Entries taken from a collection
-----

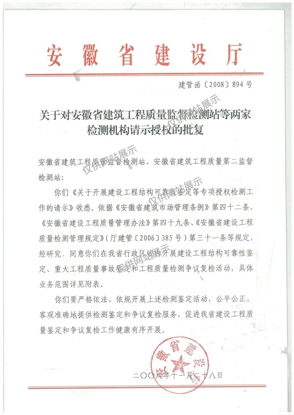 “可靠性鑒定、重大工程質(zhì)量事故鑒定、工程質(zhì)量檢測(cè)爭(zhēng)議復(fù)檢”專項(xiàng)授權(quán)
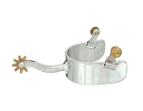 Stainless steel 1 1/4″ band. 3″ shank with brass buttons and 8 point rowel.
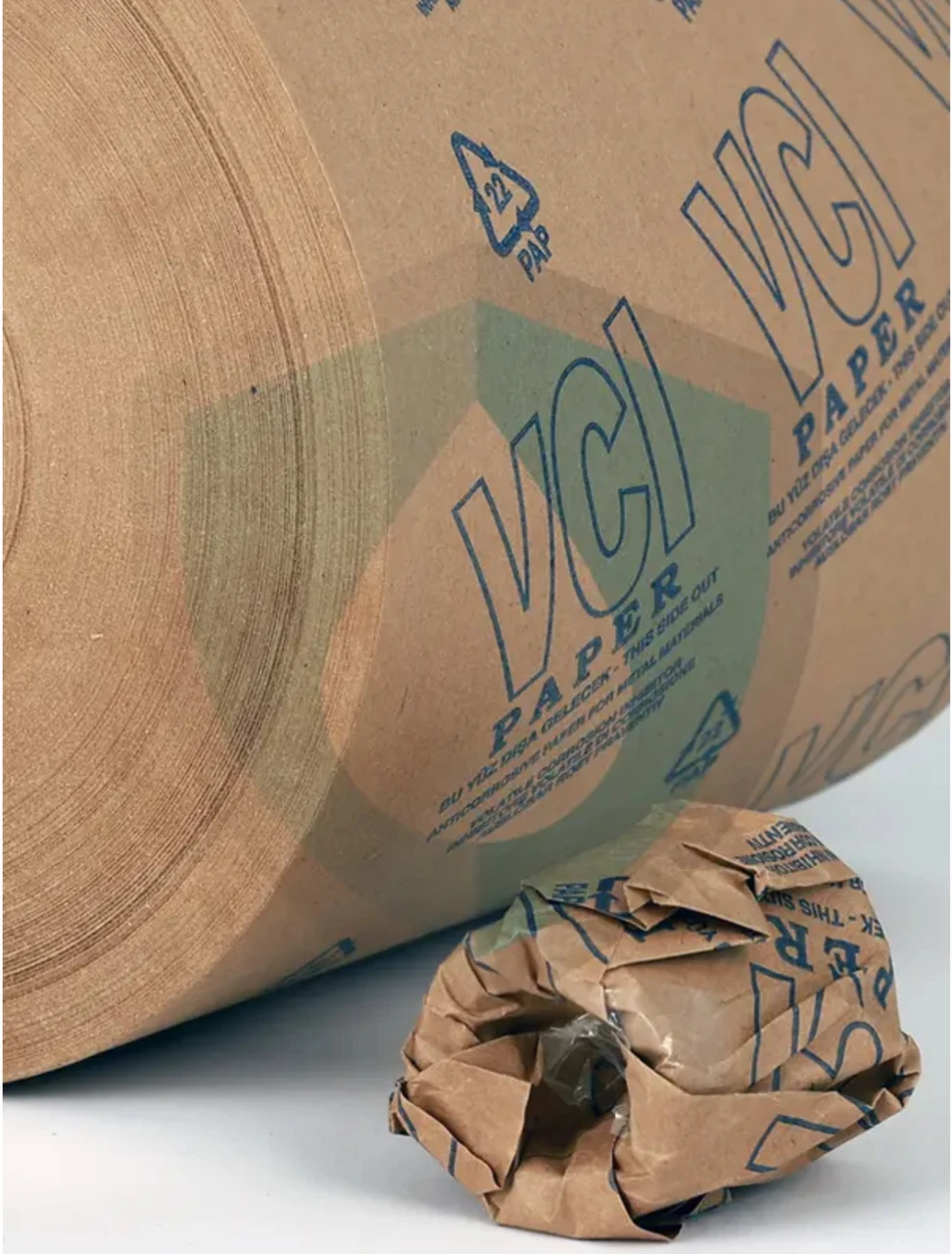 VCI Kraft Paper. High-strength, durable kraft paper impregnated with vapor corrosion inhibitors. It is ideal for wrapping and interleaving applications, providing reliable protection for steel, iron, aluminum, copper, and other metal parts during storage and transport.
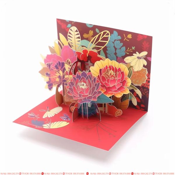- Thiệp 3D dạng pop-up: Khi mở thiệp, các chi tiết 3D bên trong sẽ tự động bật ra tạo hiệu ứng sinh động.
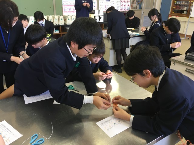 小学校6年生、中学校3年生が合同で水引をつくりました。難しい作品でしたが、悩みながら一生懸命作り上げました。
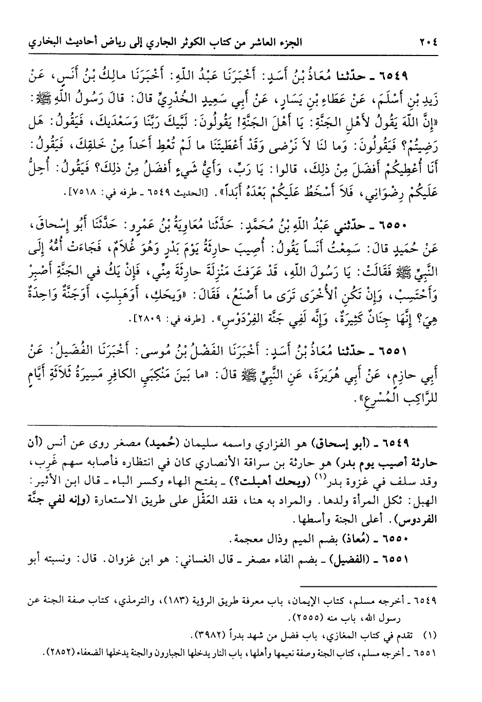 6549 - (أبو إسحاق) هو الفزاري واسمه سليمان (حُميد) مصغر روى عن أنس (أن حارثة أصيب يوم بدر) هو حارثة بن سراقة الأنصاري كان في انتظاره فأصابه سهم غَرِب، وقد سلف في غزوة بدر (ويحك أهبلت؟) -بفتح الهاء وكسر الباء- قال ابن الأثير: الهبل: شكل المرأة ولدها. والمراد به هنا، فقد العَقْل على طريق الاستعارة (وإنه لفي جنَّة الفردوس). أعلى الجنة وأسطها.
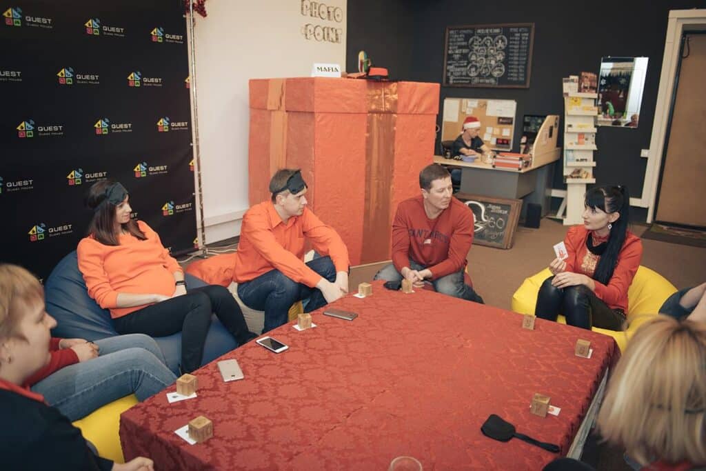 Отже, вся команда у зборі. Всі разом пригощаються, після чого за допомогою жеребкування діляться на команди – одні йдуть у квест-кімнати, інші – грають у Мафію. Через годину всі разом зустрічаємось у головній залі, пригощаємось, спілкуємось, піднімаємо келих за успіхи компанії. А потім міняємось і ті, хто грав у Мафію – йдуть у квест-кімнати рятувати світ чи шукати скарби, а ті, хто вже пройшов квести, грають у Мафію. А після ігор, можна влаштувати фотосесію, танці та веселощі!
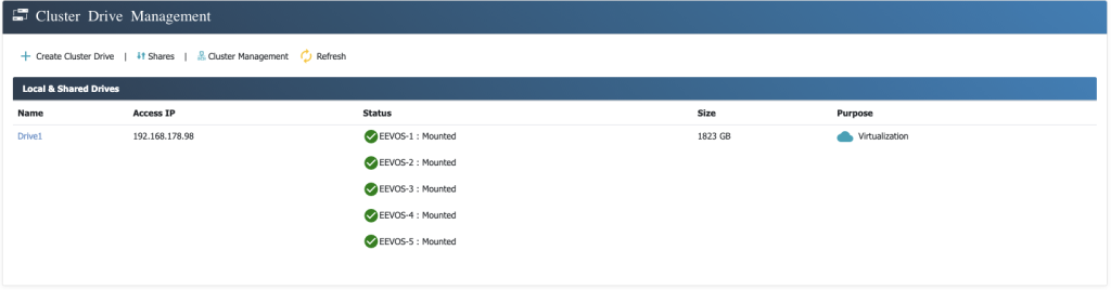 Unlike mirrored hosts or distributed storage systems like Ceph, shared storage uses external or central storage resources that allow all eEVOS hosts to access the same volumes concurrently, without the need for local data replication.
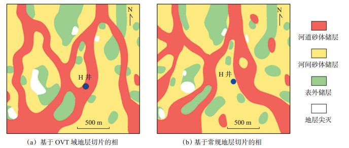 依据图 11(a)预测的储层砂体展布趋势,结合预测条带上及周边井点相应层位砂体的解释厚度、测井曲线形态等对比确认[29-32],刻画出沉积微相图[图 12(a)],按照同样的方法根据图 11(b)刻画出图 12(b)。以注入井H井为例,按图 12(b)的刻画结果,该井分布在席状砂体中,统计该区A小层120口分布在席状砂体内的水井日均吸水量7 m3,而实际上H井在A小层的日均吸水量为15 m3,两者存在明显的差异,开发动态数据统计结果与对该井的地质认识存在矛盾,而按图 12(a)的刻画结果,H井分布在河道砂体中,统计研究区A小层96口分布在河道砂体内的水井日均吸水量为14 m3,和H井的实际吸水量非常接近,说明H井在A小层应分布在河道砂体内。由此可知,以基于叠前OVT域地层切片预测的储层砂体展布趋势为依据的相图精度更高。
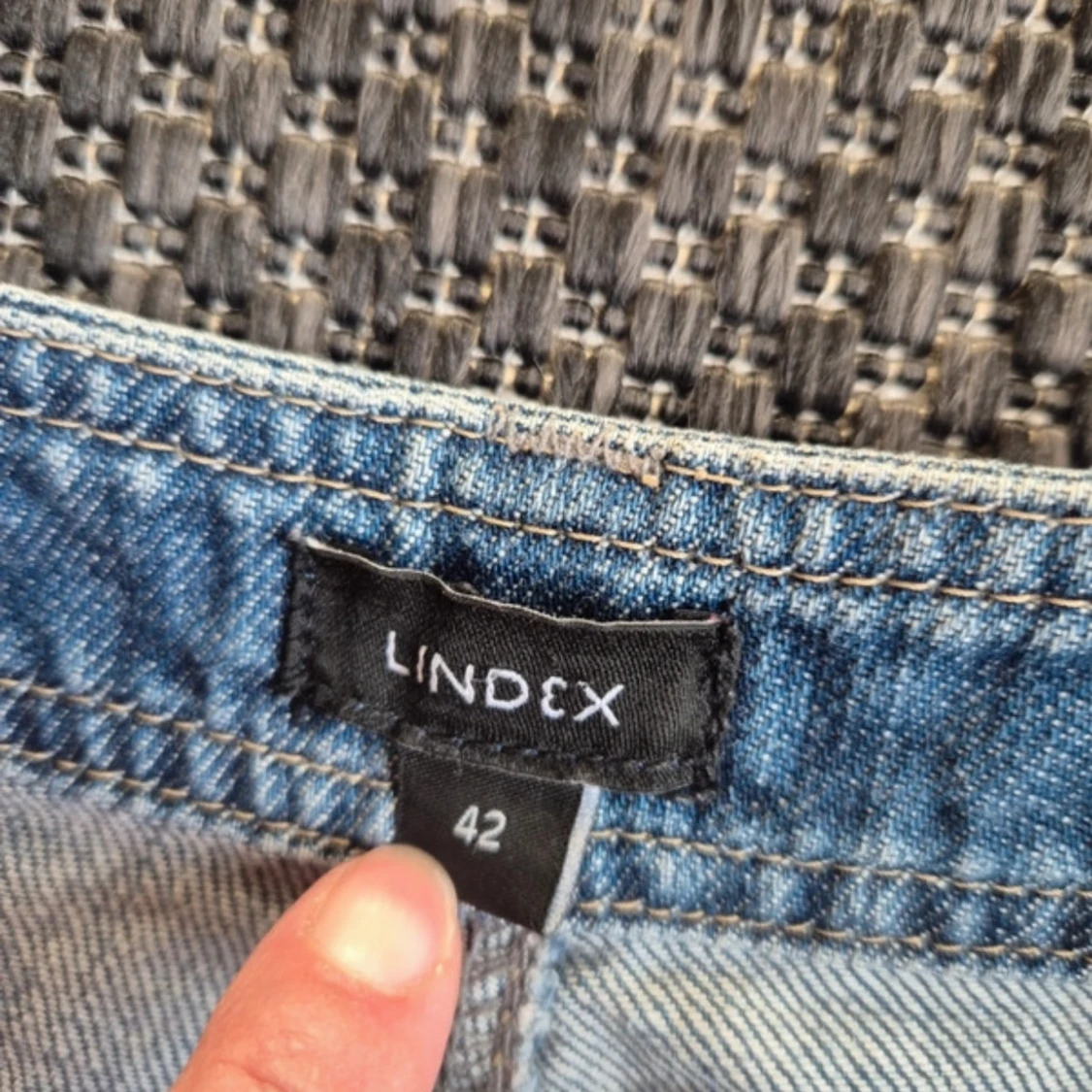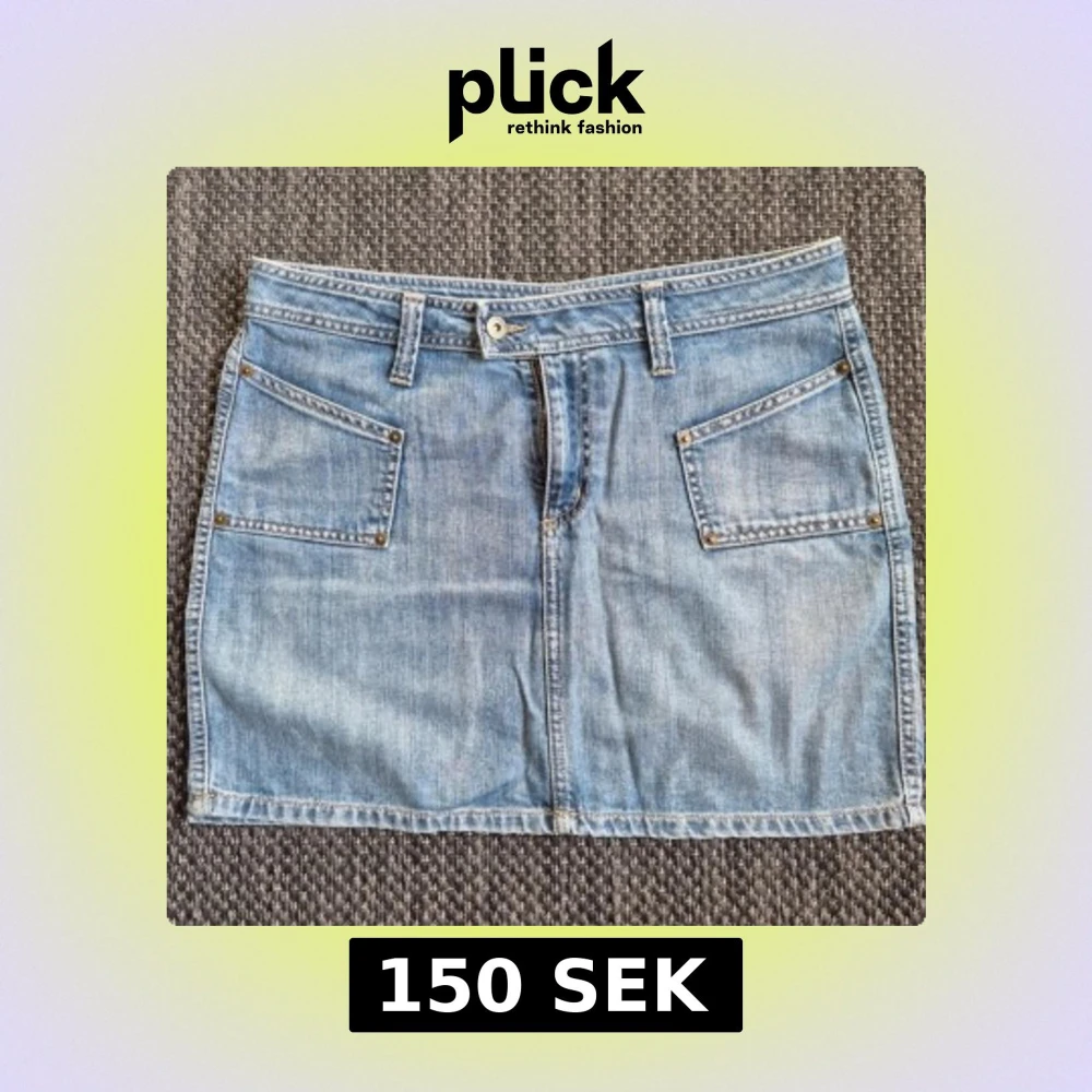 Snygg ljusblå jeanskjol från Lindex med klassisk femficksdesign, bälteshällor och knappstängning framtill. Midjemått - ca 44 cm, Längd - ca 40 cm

-----

* Problem statement: In the data above, find the line containing "- Thiệp 3D dạng" and the line containing "6549 - (أبو". Copy exactly the stretch from the first through the second, both included, leaving out any picture.

* Output below:
- Thiệp 3D dạng pop-up: Khi mở thiệp, các chi tiết 3D bên trong sẽ tự động bật ra tạo hiệu ứng sinh động.
 小学校6年生、中学校3年生が合同で水引をつくりました。難しい作品でしたが、悩みながら一生懸命作り上げました。
 6549 - (أبو إسحاق) هو الفزاري واسمه سليمان (حُميد) مصغر روى عن أنس (أن حارثة أصيب يوم بدر) هو حارثة بن سراقة الأنصاري كان في انتظاره فأصابه سهم غَرِب، وقد سلف في غزوة بدر (ويحك أهبلت؟) -بفتح الهاء وكسر الباء- قال ابن الأثير: الهبل: شكل المرأة ولدها. والمراد به هنا، فقد العَقْل على طريق الاستعارة (وإنه لفي جنَّة الفردوس). أعلى الجنة وأسطها.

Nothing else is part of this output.